Den heiligen Andreas als Nationalheiligen zu zementieren war im späten Mittelalter ein wichtiger politischer Schritt, weil England die Oberherrschaft über Schottland beanspruchte und die schottische Kirche die Behauptung abwehren musste, dem Erzbischof von York untergeben zu sein. Die Legende vom heiligen Regulus, die schon im 4. Jhdt. die Reliquien eines wichtigen Heiligen nach Schottland verbrachte, gab Schottland eine von England unabhängige Identität und etablierte vor allem eine separate schottische Kirche noch vor der irischen und der römischen Mission. Die Schotten benutzten im Jahr 1299 die Legende, um Papst Bonifaz VIII. zur Veröffentlichung einer Bulle zu überreden, in der er Edward I. von England anwies, den Krieg gegen Schottland zu beenden. In der “Erklärung von Arbroath”, die 1320 erschien und auf die Unabhängigkeit Schottlands von England pochte, wird ausdrücklich Andreas als Apostel Schottlands benannt (wenn schon nicht zu Lebzeiten, dann doch wenigstens später in Knochengestalt).

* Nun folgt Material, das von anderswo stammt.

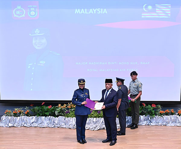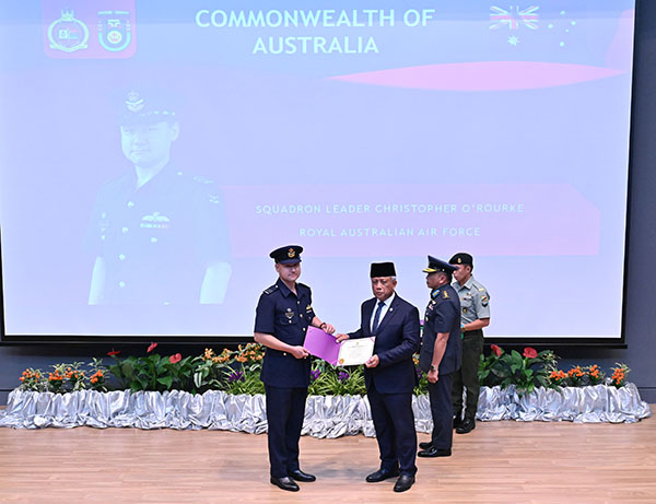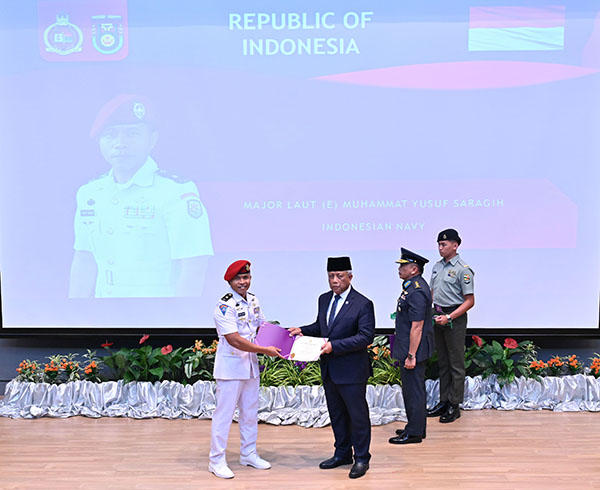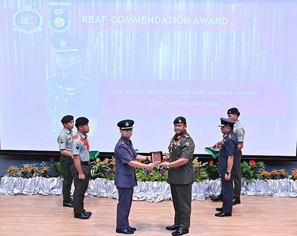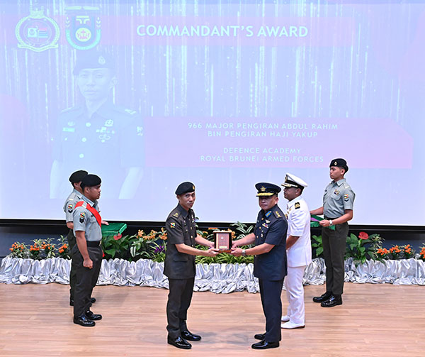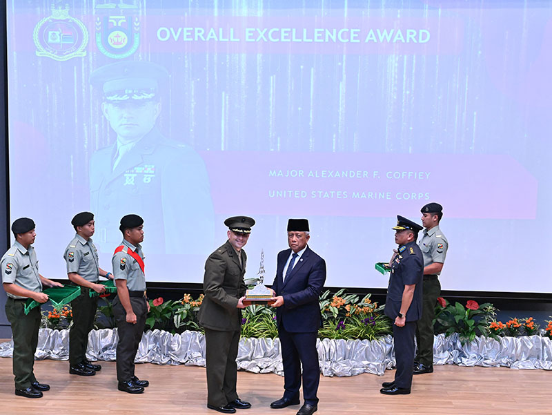 A total of four recognition awards were presented to outstanding course participants this year. The Overall Excellence Award was presented to Major Alexander F. Coffiey from the United States of America, while the Academic Excellence Award was presented to Major Chia Wei Peng, Fabian from the Republic of Singapore. Meanwhile, the RBAF Commendation Award was presented to Major (U) Muhammad Adib Bin Haji Hashim from the Royal Brunei Air Force, and the Commandant's Award was presented to Major Pengiran Abdul Rahim Bin Pengiran Haji Yakup from the Defence Academy RBAF.

St. Mary's Metropolitan Cathedral, Edinburgh
St. Mary's Metropolitan Cathedral, Edinburgh (Ad Meskens, CC BY-SA 3.0)
Womit wir wieder bei den Knochen wären, und man mag sich fragen, was eigentlich inzwischen mit ihnen passiert ist. Ungefähr 1070 ließ Robert I., der Prior von St. Andrews, dortselbst eine dem hl. Regulus geweihte Kirche erbauen, um die Reliquien standesgemäß unterzubringen und Pilgern zugänglich zu machen. Das war nötig, denn der heilige Andreas hatte als mittelalterliches Pilger-Ziel einen Stellenwert erreicht, der nur noch vom heiligen Jakob im spanischen Compostela übertroffen wurde. Das Einzige, was von dieser Kirche noch übriggeblieben ist, ist “St. Rule’s Tower”, eine 33 Meter hohe, weithin sichtbare Landmarke; statt dessen wurde von 1160 bis 1318 eine riesige Kathedrale, bei weitem die größte in Schottland und eine der größten auf den britischen Inseln, errichtet und dem hl. Andreas geweiht. Auch von dieser Kathedrale stehen nur noch Ruinen – im Juni 1559 wurde sie von der fanatischen Gefolgschaft des Reformators John Knox weitestgehend zerstört, und das war auch das Ende der Reliquien aus Regulus’ Gepäck.

In den nächsten drei Jahrhunderten hatte die römisch-katholische Kirche in Schottland einen schweren Stand, da sie offiziell verboten war und sich nur in entfernten Ecken des Hochlands und der Inseln halten konnte. Erst 1878 wurde sie wieder legalisiert und 1879 mit neuen (angeblichen) Andreas-Reliquien ausgestattet, namentlich einem großen Teil eines Schulterblatts, das in einem vom Marquess of Bute gestifteten vergoldeten Reliquiar platziert wurde. 1969 übergab Papst Paul VI. dem neuernannten schottischen Kardinal Gordon Joseph Gray im Petersdom in Rom mit den Worten “Peter grüßt seinen Bruder Andreas” eine weitere (nicht spezifizierte) Reliquie.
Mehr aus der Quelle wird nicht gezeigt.